- **Input material**:
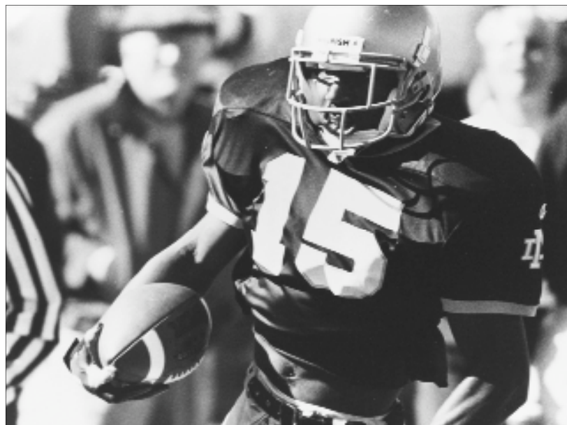
Allen Rossum led the nation in punt returns in 1996 at 22.93 yards per attempt and was sixth in kickoff returns in 1997 at 28.50 yards per attempt.
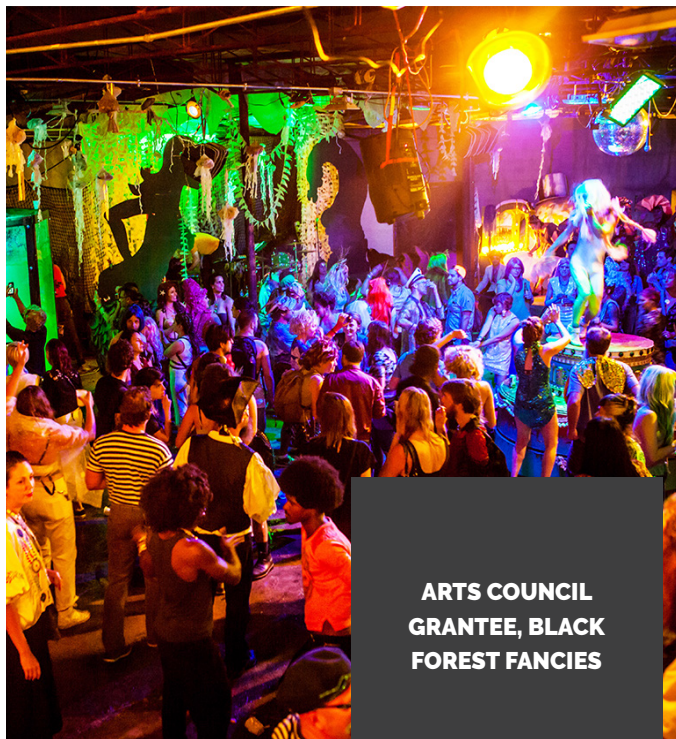
ARTS COUNCIL GRANTEE, BLACK FOREST FANCIES
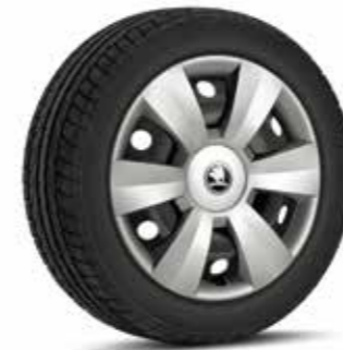
Dentro, R15 Available in Rider variant
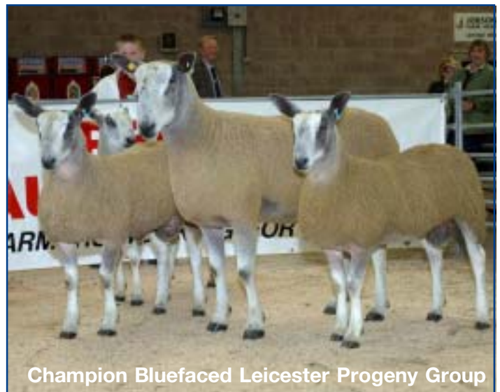
Champion Bluefaced Leicester Progeny Group
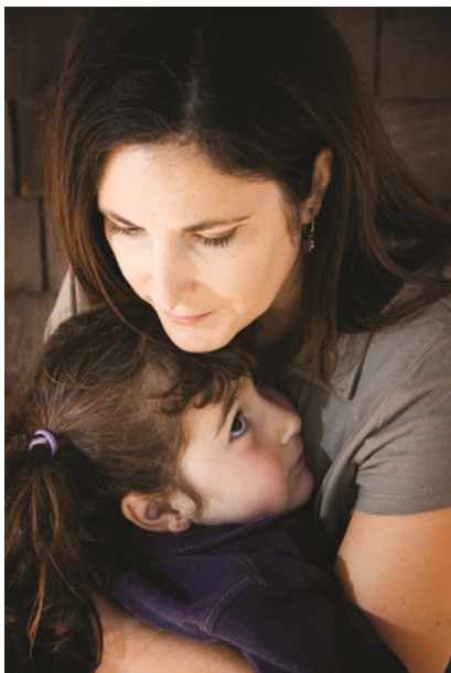
Violence against one affects every member of the family.

SPARCC is the only state-certified center for domestic violence and sexual assault services for Sarasota and DeSoto Counties. They provide multiple emergency and on-going services for survivors of abuse. They are also engaged, through community education programs, in addressing and changing social norms that support violence against women.
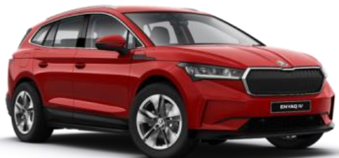
Velvet Red (K1K1 – Exclusive)
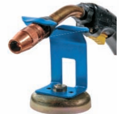
MIG Gun Holder #229 614
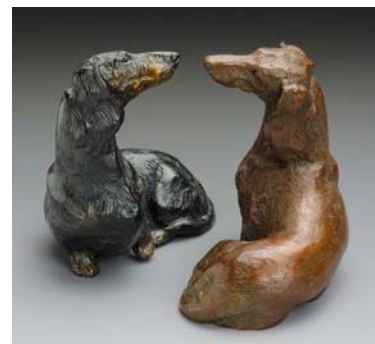
"So Good to See You" Long ©2009
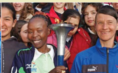
Former world record holder for the Marathon, Tegla Loroupe, with children in Italy.
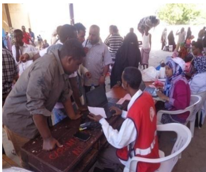
SRCS volunteers from Berbera branch supporting the registration of new arrivals

From 26 March 2015, there was an escalation in fighting between opposition groups in Yemen, which has affected an estimated 500,000 people, including 244,000 registered refugees (United Nations High Commissioner for Refugees (UNHCR)). As a result, Somali and Yemeni nationals affected by the crisis have begun to flee the country through the ports of Al Mukalla and Mukha in Yemen. On 28 March 2015, 32 Yemeni nationals reached the port of Berbera in Somaliland. According to Somaliland immigration authorities, the arrivals were from the Qahdani and Ibb tribes fleeing violence in Mukha, Taiz region, Yemen; and all has the relevant travel documentation. On 1 April 2015, 90 people reached the port of Bossaso (Puntland) comprising Somali returnees, originally from Puntland and South Central (Mogadishu, Kismayo, Qoryooleey etc.), claiming to fleeing violence against Somalis living in the Sana'a, Aden and Mukala areas of Yemen, and protection issues affecting women; as well as groups of Yemeni nationals.
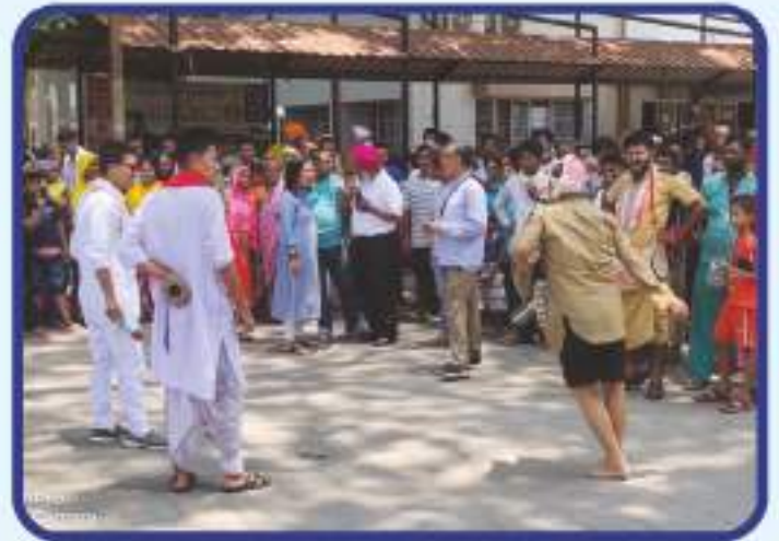
Street play on World No Tobacco Day
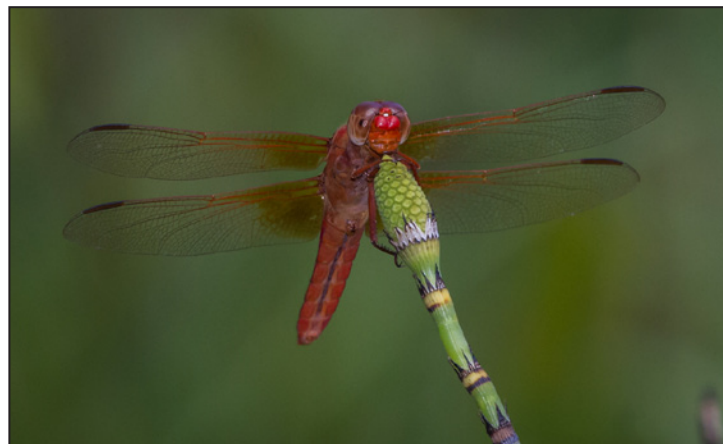
Dragonflies, like this Neon Skimmer, love to perch on the cones of the horsetail's upright stems

Horsetail prefers open or wooded areas along streams, moist flats, and wet ledges. Like ferns and other related species, horsetails reproduce by spores rather than through seed-producing flowers. These spores are borne in cone-like structures at the tips of
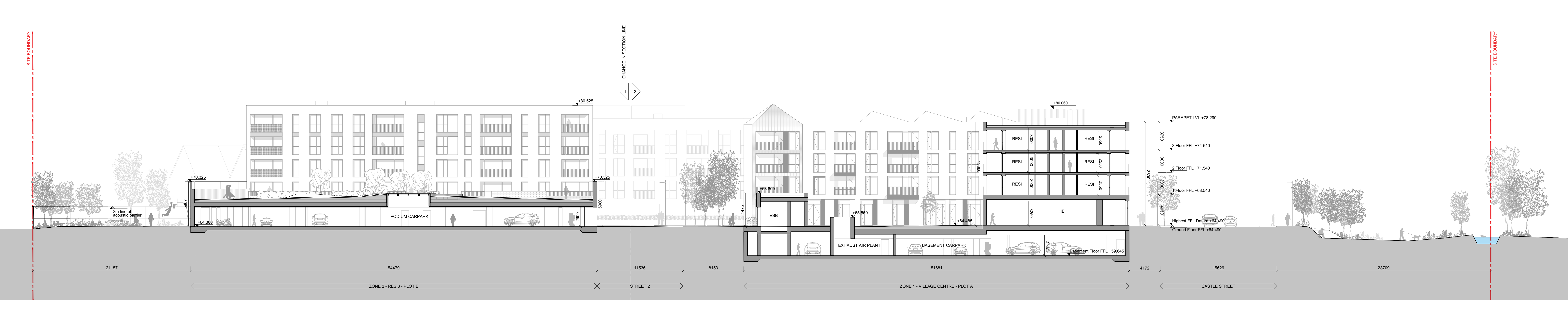
2 SITE SECTION C-C XX 303 SCALE: 1:200
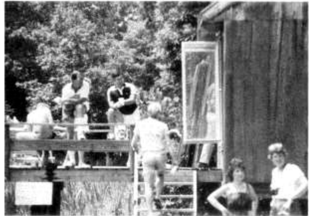
"Is it my turn"????
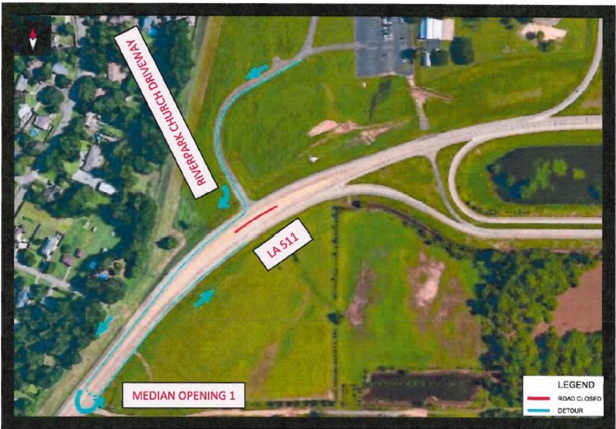
Detour map for Phase 1a & Phase 3a

It is necessary to close the median so that a new raised median can be constructed at this intersection. The new raised median will permanently restrict left turns from Riverpark Church Driveway onto eastbound LA 511, and eastbound traffic will utilize Median Opening 1 as a permanent U-turn location.
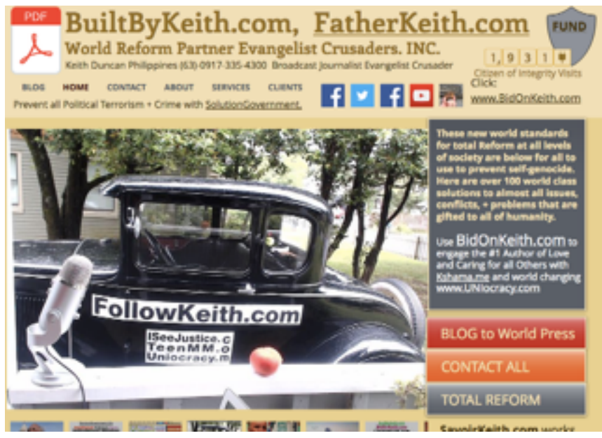
page 3of 8

black and white Last Testament Testimony scripture known as the Book of Life tied to INTERPOL URLiDent.com with Jurgen Stock. Who takes STOCK of humanity's evil condition and how to REMOVE all criminals with just a few simple methodologies created and deployed worldwide by FatherKeith.com (FollowKeith.com BidOnkeith.com BuiltByKeith.com CreatorKeith.com SaviorKeith.com
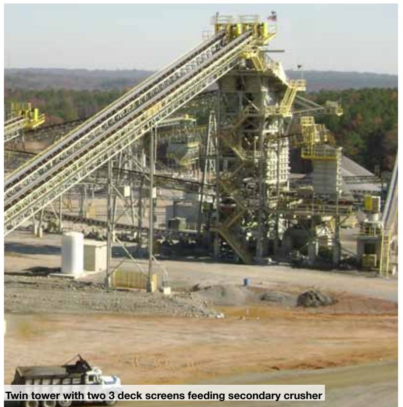
Twin tower with two 3 deck screens feeding secondary crusher
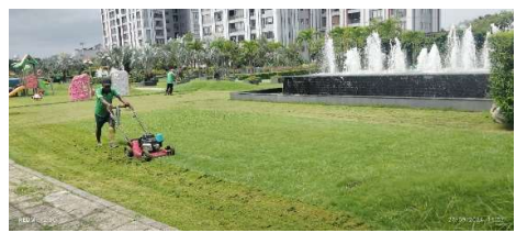
Grass mowing at Central Lawn
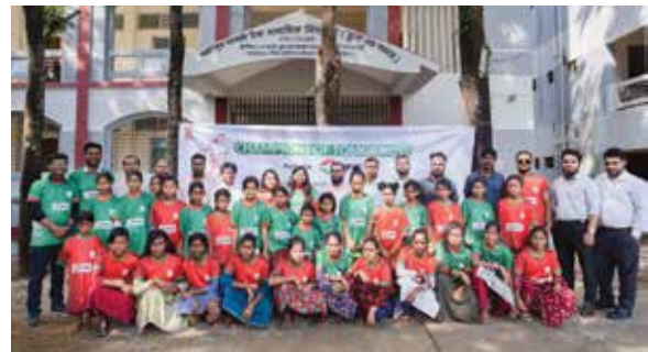
IFIC Bank took a significant step to support female athletes as part of its initiative to empower women
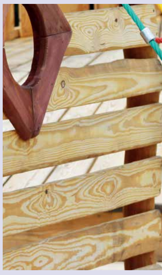
Parks and playgrounds are likely to have more

Children gain hugely in confidence during physical play. You may find that your child often wants to show
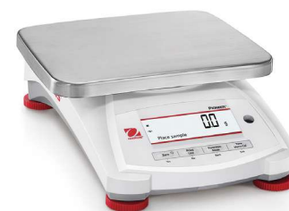
PX12001 and PX12001/E model

Four quick keys enable easy operation of multiple weighing modes.
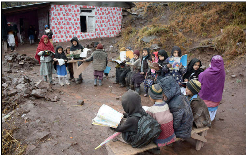
HATTIAN BALA: Students are attending their class outside Government Primary Schools for Girls Nandar area, during cold weather.

- **Requirement**: Of all the material above, only the lines from the one that has "SPARCC is the" down to the one that has "SRCS volunteers from" are to be written out, exactly and with both ends included. Pictures are skipped.

- **Exercise output**:
SPARCC is the only state-certified center for domestic violence and sexual assault services for Sarasota and DeSoto Counties. They provide multiple emergency and on-going services for survivors of abuse. They are also engaged, through community education programs, in addressing and changing social norms that support violence against women.
Velvet Red (K1K1 – Exclusive)
MIG Gun Holder #229 614
"So Good to See You" Long ©2009
Former world record holder for the Marathon, Tegla Loroupe, with children in Italy.
SRCS volunteers from Berbera branch supporting the registration of new arrivals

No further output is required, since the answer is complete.